## EXERCISE BRIEF
Look below for the line with "要没有乐视网,石化油服就要连", then repeat it and all lines after it, exactly, minus any pictures.

_ _ _ _ _ _ _

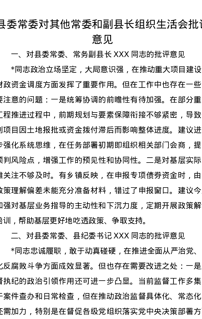 县委常委对其他常委和副县长组织xxx批评意见
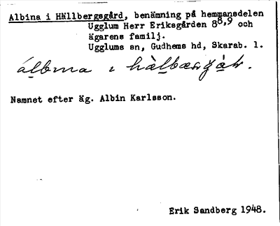 Information om ortnamnet Albina i Hällbergsgård
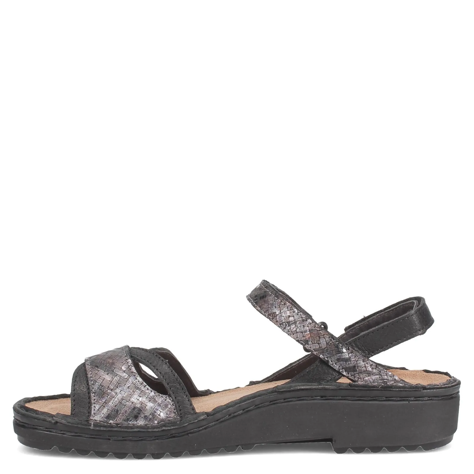 - Naot’s removable, suede wrapped anatomic cork and latex footbed is molds to the shape of the foot
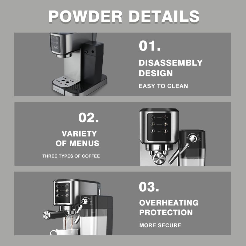 - 🔄 تنظيف سريع وصيانة سهلة – أجزاء قابلة للإزالة مثل خزان المياه والحليب وصينية التقطير لسهولة التنظيف اليومية.
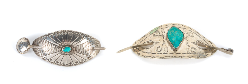 Two Southwestern Silver and Turquoise Hair Pieces Length of larger 4 x width 2 inches
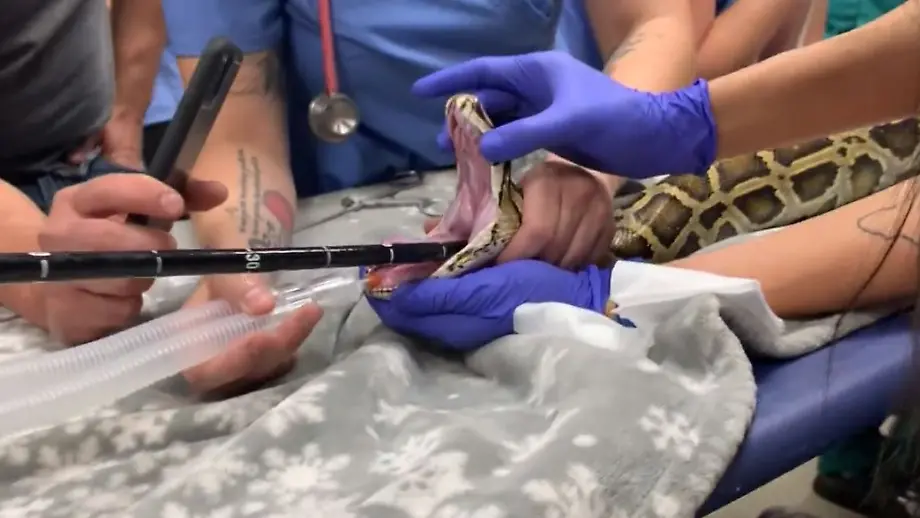 Kaum zu glauben, aber wahrTierärzte holen Decke aus Magen von Python
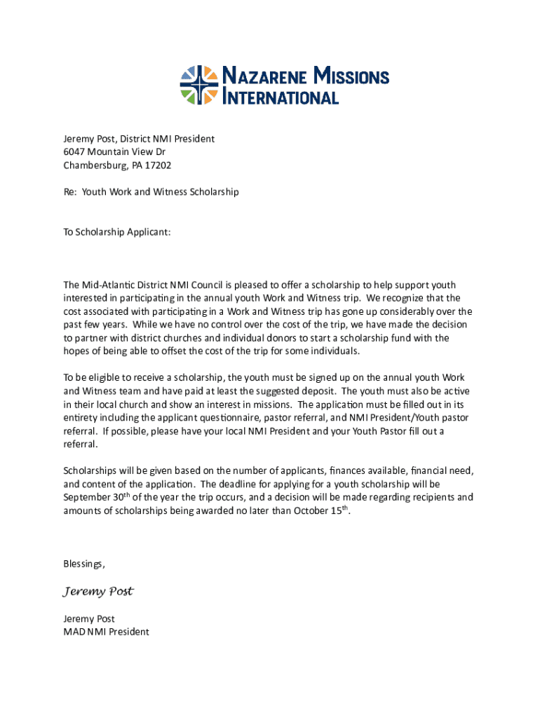 Get the free Nmi Scholarship Application Form
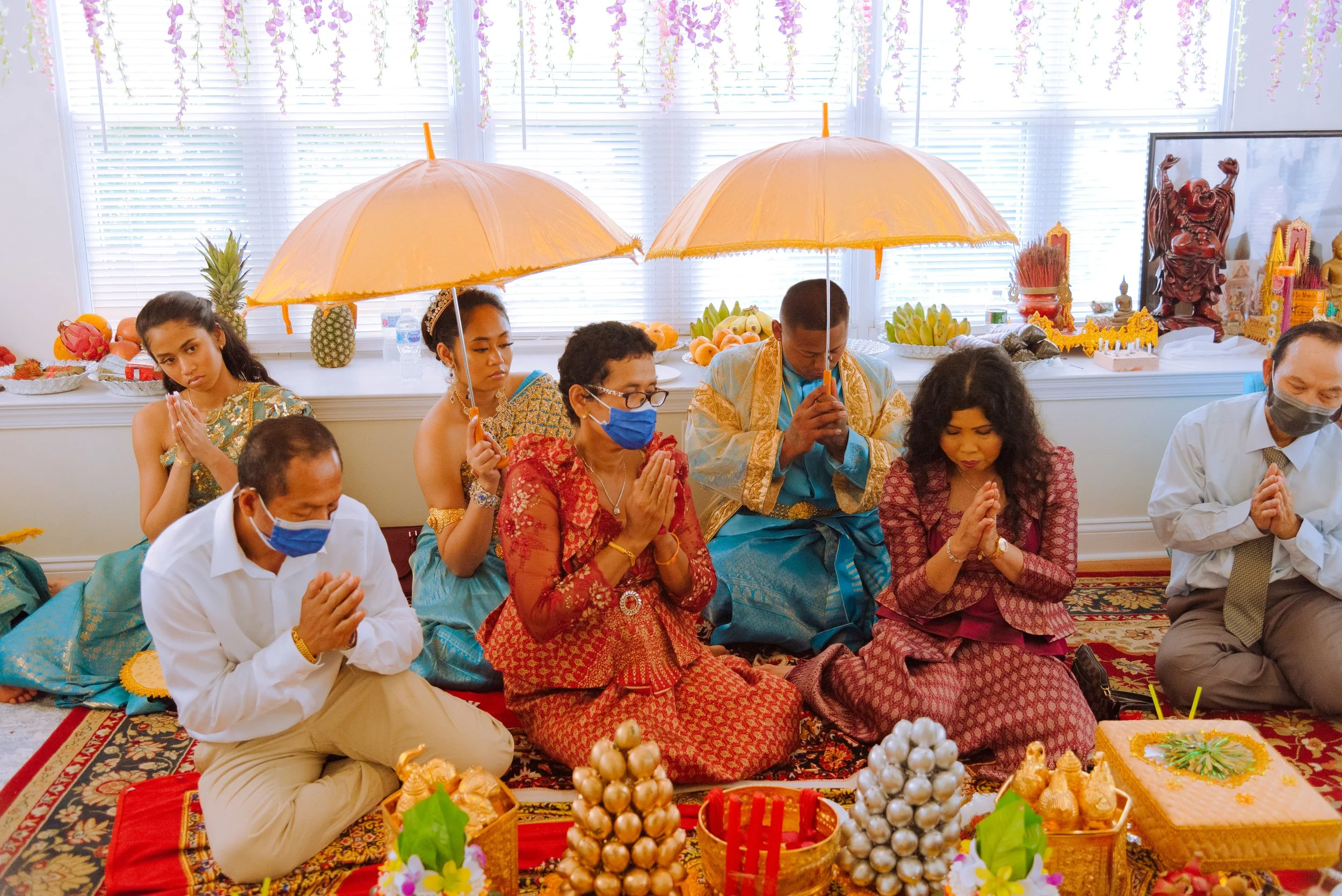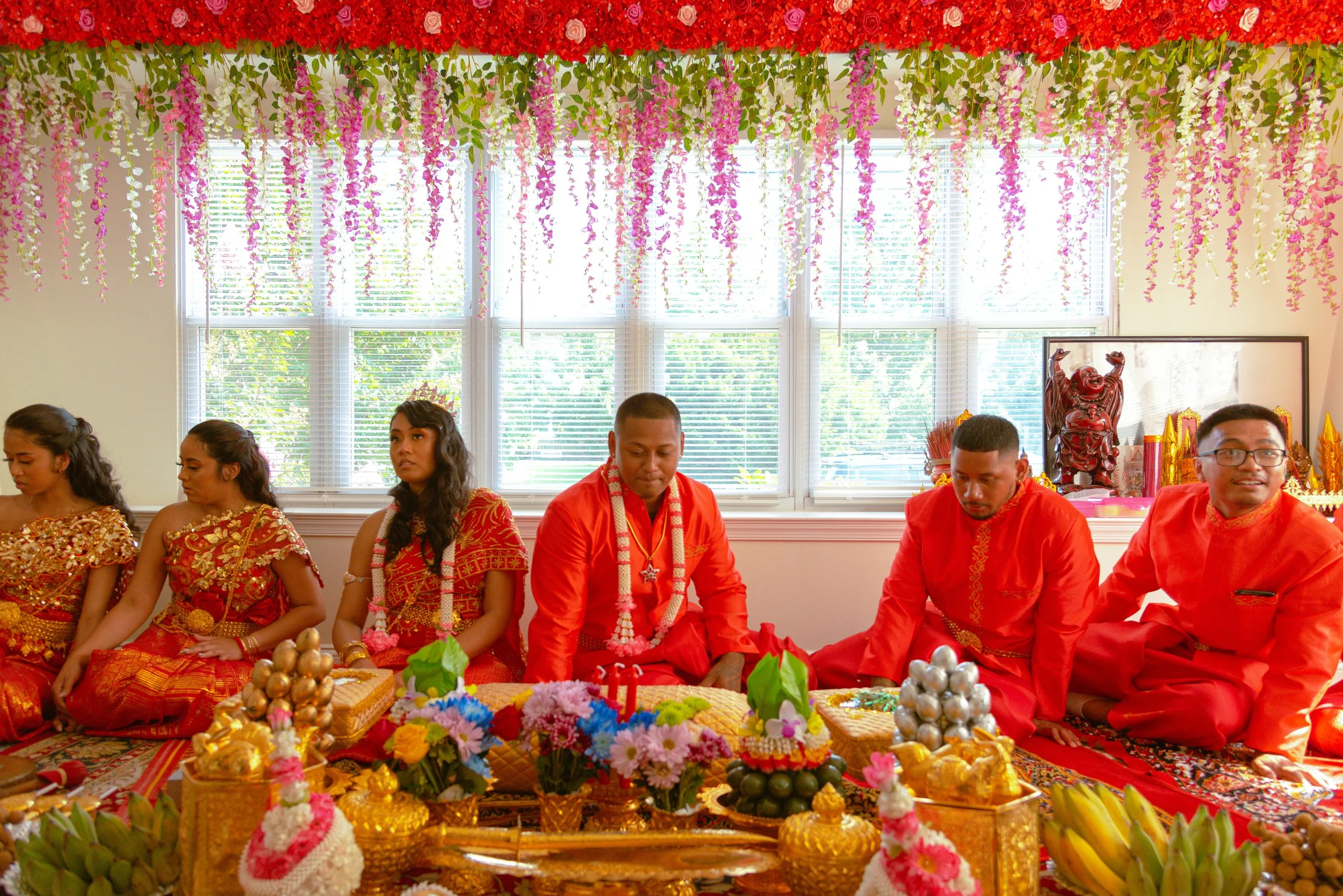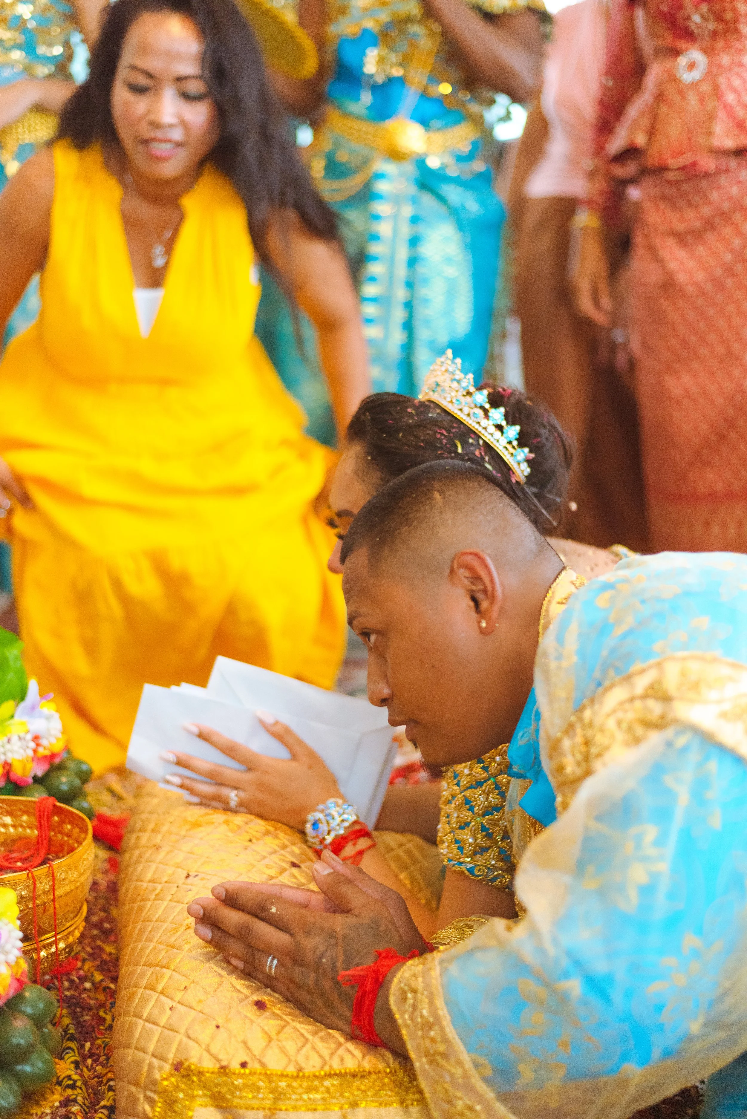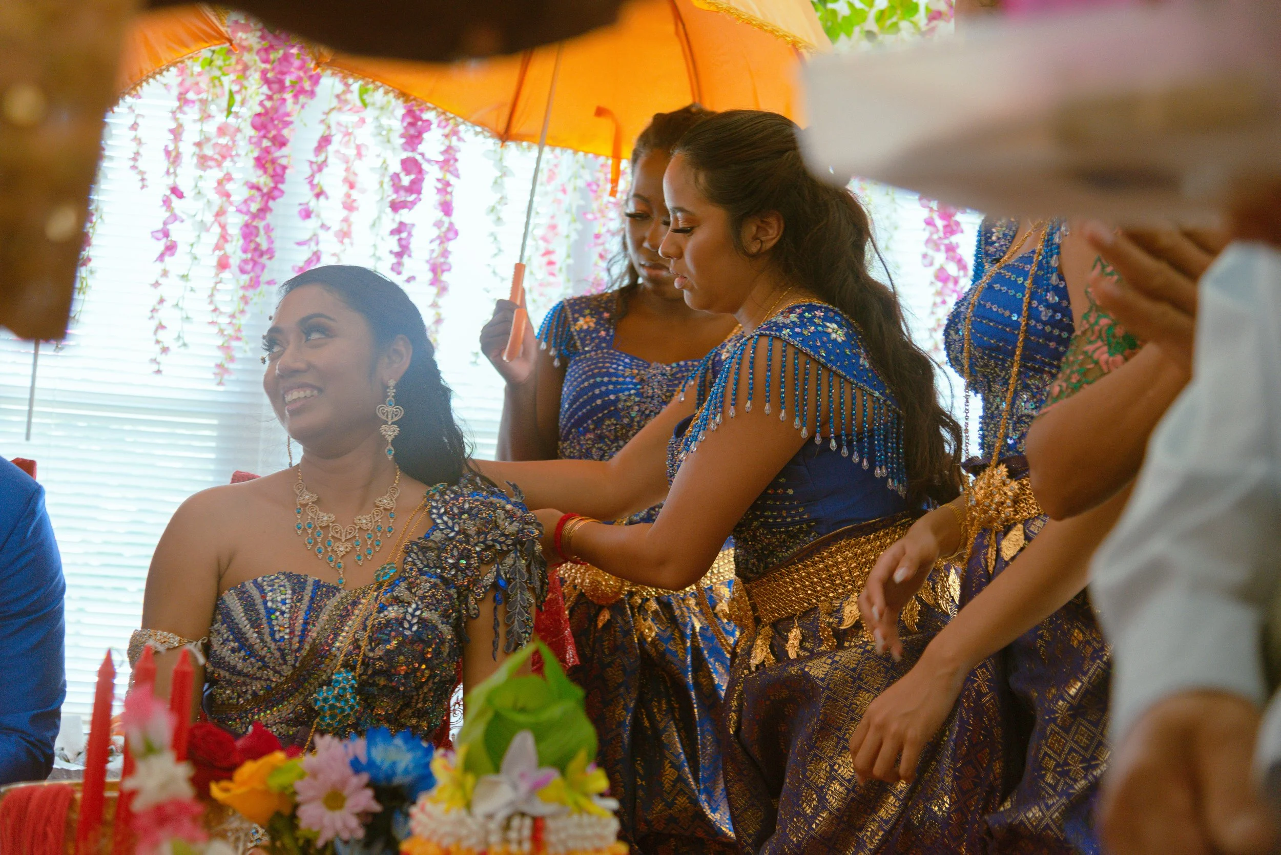 A majority Buddhist country, monks have a crucial role in Cambodian culture, including weddings. During this part of the ceremony, monks come to the home to bless the couple and their immediate family, who are all gathered in the sunroom. The monks lights special red candles before showering them in rose water while singing blessings. Everyone tries their best to remain silent, their heads are bowed and hands in prayer during the ceremony. Afterward, the bride and groom shows their respect and appreciation to the monks through the offering of gifts.
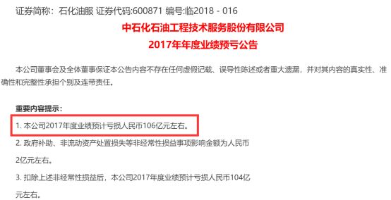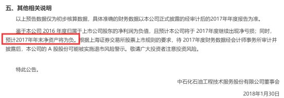 要没有乐视网,石化油服就要连续两年蝉联“亏损王”了,业绩预告显示去年净利润预亏106亿元。而在2016年石化油服便以亏损161亿元多的A股“亏损王”,连亏两年,净资产都要为负了,石化油服可能被实施退市风险警示。今日收盘,石化油服跌幅达8.93%,单日市值蒸发35.28亿。
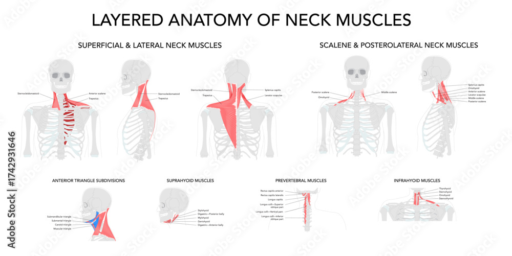 Obraz na plátně Set of Layered Anatomy of Neck Muscles - Detailed anatomical illustration showing the neck muscles organized in layers from superficial to deep, including cervical and prevertebral muscles

_ _ _ _ _ _ _

## SOLUTION TO THIS EXERCISE
 要没有乐视网,石化油服就要连续两年蝉联“亏损王”了,业绩预告显示去年净利润预亏106亿元。而在2016年石化油服便以亏损161亿元多的A股“亏损王”,连亏两年,净资产都要为负了,石化油服可能被实施退市风险警示。今日收盘,石化油服跌幅达8.93%,单日市值蒸发35.28亿。
 Obraz na plátně Set of Layered Anatomy of Neck Muscles - Detailed anatomical illustration showing the neck muscles organized in layers from superficial to deep, including cervical and prevertebral muscles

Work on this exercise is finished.